A retomada da guerra no Irã levou o governo de Luiz Inácio Lula da Silva (PT) a adiar o fim da subvenção de R$ 1,12 por litro sobre as vendas de óleo diesel. O Ministério da Fazenda poderia interromper o incentivo ou alterar o valor para agosto, mas decidiu manter o programa como está.
A subvenção foi criada no fim de maio, em substituição a outro modelo de ajuda para conter os preços, e tem vigência até dezembro deste ano. Mas a MP (medida provisória) que a criou permite à Fazenda alterar as condições a cada período de dois meses, desde que avise os beneficiados com 15 dias de antecedência.

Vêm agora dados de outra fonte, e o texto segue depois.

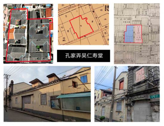 孔家弄和紅欄桿路相交處的業主吳仁壽堂,在18/4地塊建造絞圈房和早期石庫門,統稱仁壽里。業主先建造前店后宅的雙絞圈房(行號路圖紅色部分),現今孔家弄11號,后來,建造孔家弄23號和27號屬于和17弄1號和2號,統稱“仁壽里”(行號路圖藍色部分)。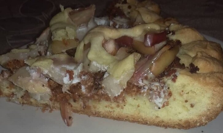 Алисә Ибраһимовадан кызыл эремчекле алма пирогы рецепты. Камыр өчен. 200 гр. акмай; 100 гр.шикәр комы 2 йомырка 2-3 аш кашыгы кибет каймагы 300-350 гр.он (чама белән) ; 1 чәй кашыгы камыр көпшәкләндергеч (разыхлитель); Бер чеметем тоз. Камырга онны акрынлап кушабыз. Аз булса бераз өстибез. Эчлек өчен. Кызыл эремчек (корт,тура),алма (шикәр кушып бераз гына парландырып-пешереп алабыз), 20 процентлы кибет каймагы, 2 аш кашыгы шикәр комы. Пирог өчен камыр басабыз. Майны шакмаклап турыйбыз, шикәр комын салып май белән бутыйбыз, 4 аш кашыгы он салып валчык хасил булганчы уабыз, ике йомырканы, кибет каймагын салабыз, калган онны + көпшәкләндергеч (разрыхлитель) салып, камырны басып бетерәбез. Артык йомшак булса 4-5 аш кашыгы онны кушарга була. Ике кисәккә бүлеп, кисәкләрне аерым элпәгә (пищевая плёнка) төреп, ярты сәгатькә суыткычка куябыз. Камыр ял иткәндә эчлекне әзерлибез. Алманы телемнәп турыйбыз, шикәр комы,1-2 аш кашыгы су салып парландырып пешереп алабыз.Суытырга куябыз. 100 грамм 20

O prazo da primeira janela de revisão vence nesta sexta-feira (17), e uma fonte do governo ouvida pela Folha disse que a intenção é manter o valor para os próximos dois meses. Ainda assim, caso haja alívio nos preços, a equipe econômica vê possibilidade de mudança antes do fim desse prazo, respeitando o período mínimo de 15 dias de aviso.
O Ministério da Fazenda havia anunciado o desejo de reduzir gradativamente os subsídios criados para minimizar impactos da guerra sobre o bolso dos brasileiros. No fim de junho, retirou um benefício de R$ 0,35 por litro sobre o diesel.
A pasta argumentou na época que a queda nos preços do petróleo não só reduzia a necessidade de mecanismos para amortecer o choque, mas também afetava a arrecadação federal com royalties, que estavam sendo direcionados para cobrir a fatura das subvenções.